Holy Motors: wild and puzzling

Holy Motors is a wild and puzzling art film by the French director Leos Carax.  A man named Oscar (the pockmarked Denis Lavant) gets into a white stretch limo driven by a reserved elderly blonde and heads to the first of his “appointments” throughout Paris.  He emerges from the limo disguised as a contorted elderly beggar woman and panhandles for a while.  For his next appointment, he puts on a motion capture suit and acts out a sci-fi scene that culminates in reptilian space alien sex.  We see that the inside of the limo is his dressing room, and later learn that he is acting out scenes to hidden cameras for someone’s viewing pleasure.  Each scene is in a different genre – sci-fi, domestic drama, absurdist, crime action and even romantic musical.

It’s up to the audience to connect the dots – and some dots are just not connectable.  As confused as we are, however, we keep paying attention to try to figure it all out.  Carax’s success here is that he keeps surprising us with stuff that no audience could anticipate.  However, if you need a linear and comprehensible story, you will hate this movie.

I don’t think that I would enjoy the film a second time as much without the element of surprise.  And some of the episodes work better than others.  The motion capture and absurdist segments were riveting, and I loved Oscar leading a head-banging accordion orchestra through the nighttime streets.  The deathbed melodrama didn’t work as well for me, and when Kylie Minogue’s character burst into song in the romantic musical, I gagged.
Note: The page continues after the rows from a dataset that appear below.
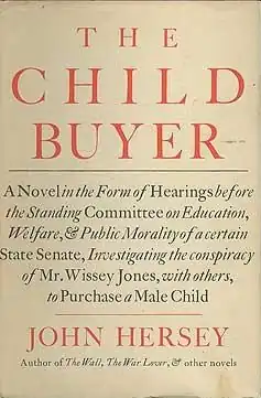 The Child Buyer is John Hersey's 1960 novel about a project to engineer super-intelligent persons for a project whose aim is never definitely stated. Told entirely in the form of minutes from a State Senate Standing Committee, it relates the story of the appearance and efforts of a mysterious stranger in the small town of Pequot, and the repercussions of his attempt to buy a boy, Barry Rudd.[1]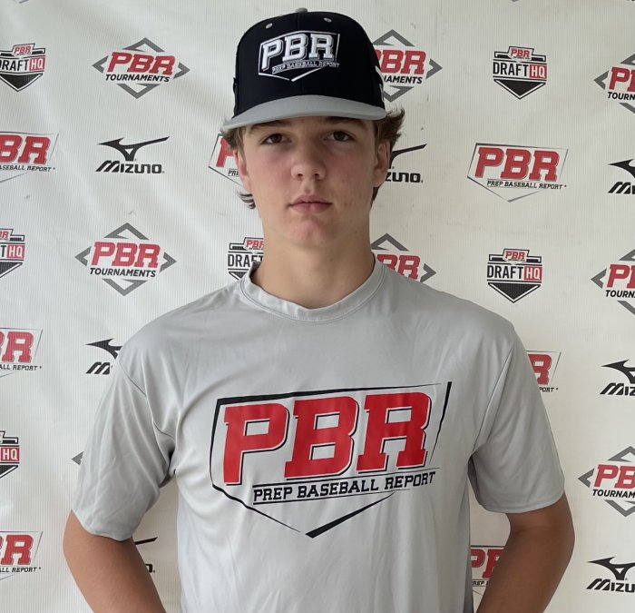 Pitching: Uses a glove side setup while using a side step. Mid chest leg drive with a slight lean over the belt. Has a moderate stride landing inline with the plate. Long arm swing while arm stays in line with 2B; standard 3/4 slot. Square to the plate with finish. FB: Peak velo of 84 MPH, while sitting 80-83 MPH; arm side run. CB: 70-74 MPH; late action. CH: 75-76 MPH; fading action.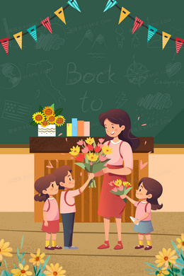 教师节献花卡通背景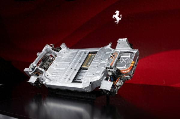 电池系统方面,法拉利纯电动车的电池系统100%自主设计组装,与车身底部完全集成,相比同级内燃机车型降低重心80毫米。85%的电池模块位于车身底板下方,剩余模块置于后排座椅下方,结合驾驶舱前移设计,实现47:53的理想前后重量分配。电池系统能量密度达约195Wh/kg(体积能量密度约195Wh/L),功率密度约1.3kW/L,处于行业顶级水平。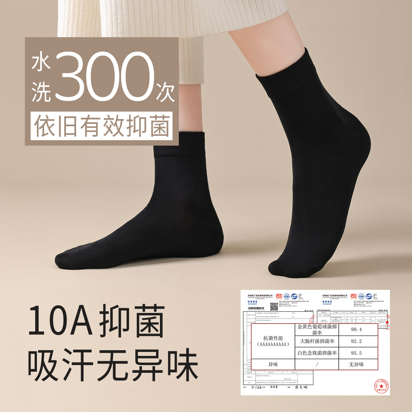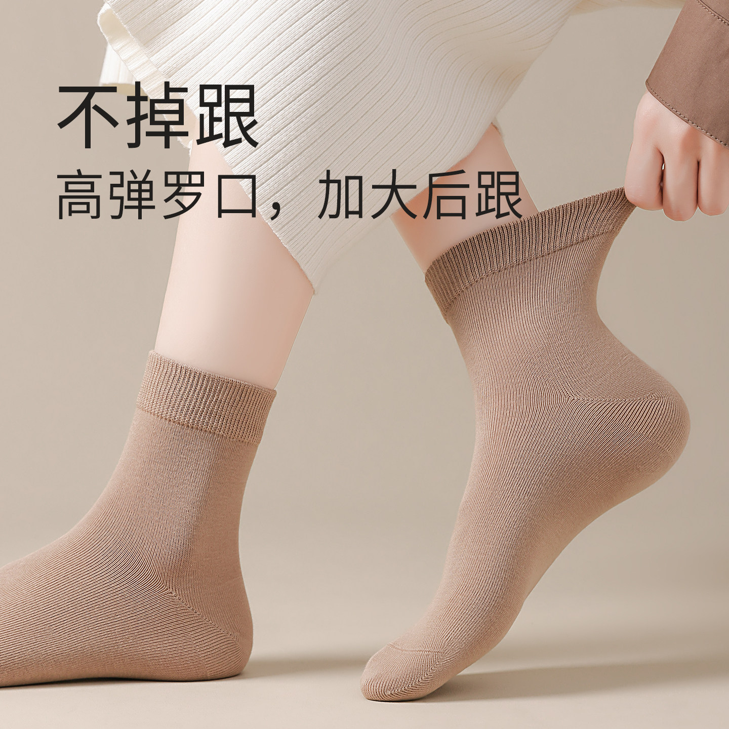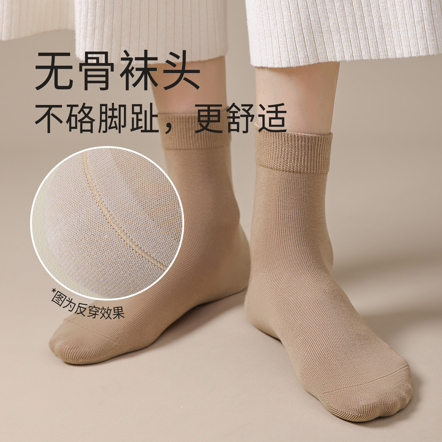 抗菌防臭纯棉纱线无骨袜头吸湿排汗中筒女袜

I did appreciate the impressive visuals, the loving shots of Paris and the many homages to films of the past.

Spoiler Alert:  To give you an idea of how wacked out Holy Motors is, here’s the synopsis of the absurdist episode.  Oscar leaves the limo dressed as a filthy and demonic troll, uncovers a man-hole and descends to the sewers under the streets.  He pops up in the Pere Lachaise cemetery, where the gravestones are engraved with websites.  He rampages through the cemetery, eating the flowers left on the graves.  He crashes a fashion shoot and bites off the fingers of the photographer’s assistant.  He then licks the armpit of the supermodel (Eva Mendes), smearing it with blood, picks her up and carries her off to his lair in the sewers.  There he rips off some of her gown and refashions it into a burqa.  Then he sits her (burqa-clad) on a bench, takes off his own clothes and lays next to her with an erection.  Wowza.